=== Exercise requirements ===
Beneath this sentence is a listing. Return its lines from the one containing "名古屋の伊勢湾に面したエリア" through the last, exactly, and omit the pictures.

^^^^^^^^

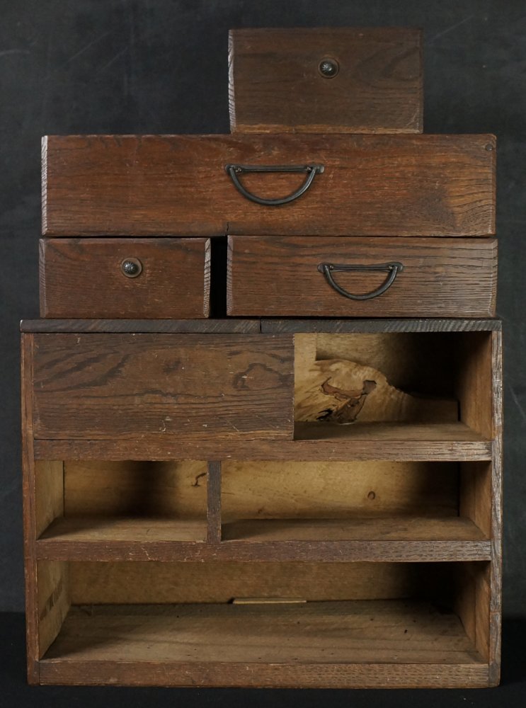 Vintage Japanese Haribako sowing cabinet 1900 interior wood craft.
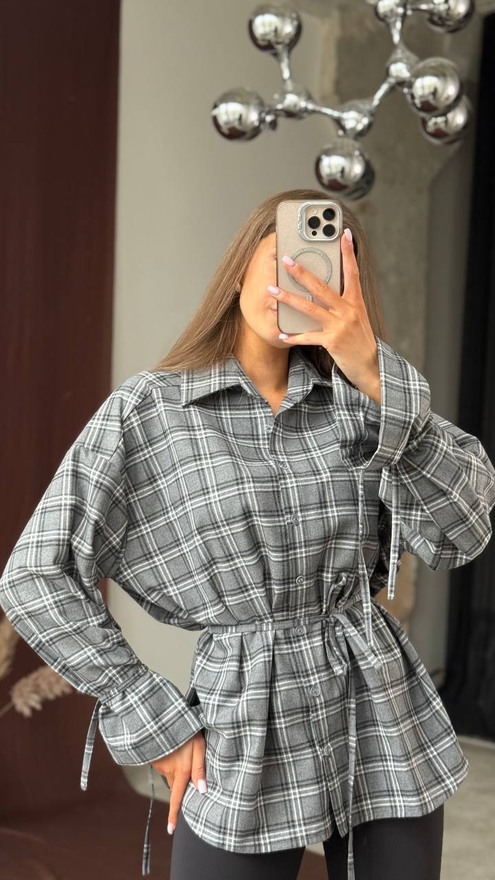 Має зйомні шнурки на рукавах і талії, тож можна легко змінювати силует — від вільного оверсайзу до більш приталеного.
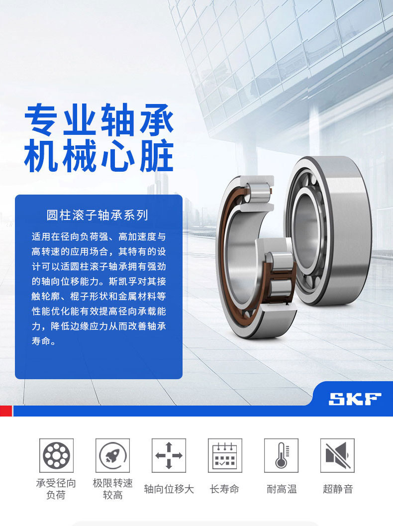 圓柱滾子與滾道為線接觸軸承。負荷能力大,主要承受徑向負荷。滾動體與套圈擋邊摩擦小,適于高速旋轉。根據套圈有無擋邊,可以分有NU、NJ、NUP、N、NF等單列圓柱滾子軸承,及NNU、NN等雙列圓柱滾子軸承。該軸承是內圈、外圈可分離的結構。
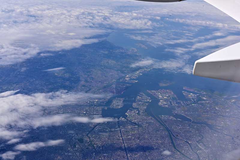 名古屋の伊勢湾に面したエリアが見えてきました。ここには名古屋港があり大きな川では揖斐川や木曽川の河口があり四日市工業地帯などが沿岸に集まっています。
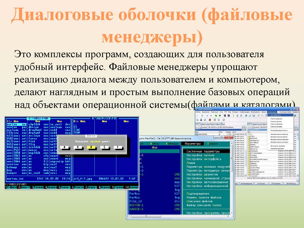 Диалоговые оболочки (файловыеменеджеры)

^^^^^^^^

=== Problem solution ===
 名古屋の伊勢湾に面したエリアが見えてきました。ここには名古屋港があり大きな川では揖斐川や木曽川の河口があり四日市工業地帯などが沿岸に集まっています。
 Диалоговые оболочки (файловыеменеджеры)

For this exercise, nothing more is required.